CD Rates Might Move Higher Before the Fourth Quarter of 2015The Federal Reserve has been keeping the federal funds rate at near zero percent for over 5 years now. This policy has forced CD rates down to record low levels. The Federal Reserve has stated they plan to keep the fed funds rate at the current level until the unemployment rate falls below 6.5 percent, which the fed believes will happen sometime in the fourth quarter of 2015.

The Federal Open Market Committee had their two day meeting last week and released a statement on economic policy right after the end of the meeting on Friday. There were no surprises in the Fed's meeting minutes on economic policy that would force CD rates higher before Q4 2015, but another report was released that might send rates higher sooner.

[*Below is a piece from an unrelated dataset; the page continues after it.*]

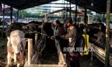 Warga melihat hewan kurban di tenda penjualan hewan kurban di kawasan Kuningan, Jakarta, Selasa (21/6/2022). Menurut pedagang, jumlah persediaan hewan kurban tahun ini mengalami penurunan diakibatkan jumlah pasokan yang menurun akibat wabah penyakit mulut dan kuku (PMK) hingga 70 persen atau sebanyak 30 ekor sapi dari tahun sebelumnya mampu menyediakan sebanyak 100 ekor sapi. Republika/Thoudy Badai (FOTO : Republika/Thoudy Badai)

April's Employment Situation Summary was released by the Department of Labor which showed the unemployment rate falling 0.1 percent from 7.6 percent to 7.5 percent. The unemployment rate at 7.5 percent puts the rate only 1 percent higher than the point at which the Fed will increase the fed funds rate. A higher fed funds rate will force bank CD rates higher.

In the first four months of 2013, the unemployment rate has fallen 0.4 percent, on average 0.1 percent a month. If the rate continues to fall 0.1 percent a month, the unemployment rate will reach the 6.5 percent in the second quarter of 2014, six quarters before the Fed believes the rate will reach that point.

Another big question is even if the rate hits 6.5 percent sometime in 2014, how much will the Fed increase the fed funds rate? To get back to a "neutral" level in that the fed funds rate neither stimulates nor dampen demand, the Fed will have to increase it to the 1.5 percent to 2 percent range, taking the current inflation rate into consideration.

Beside the unemployment rate, another factor that will determine how fast interest rates move is the rate of inflation. Many economists believe the Fed's purchasing of $85 billion a month in mortgage-backed (MBS) securities and U.S. Treasuries coupled with a zero percent fed funds rate is already fueling inflation.

Much remains to be seen, but I believe rates on interest-bearing assets will move higher sometime in the first six months of 2014  instead of the predicted late 2015. For now, the best CD rates on 12 month certificates of deposit remain at 1.04 percent and 12 month Treasury yields this week remain at 0.11 percent.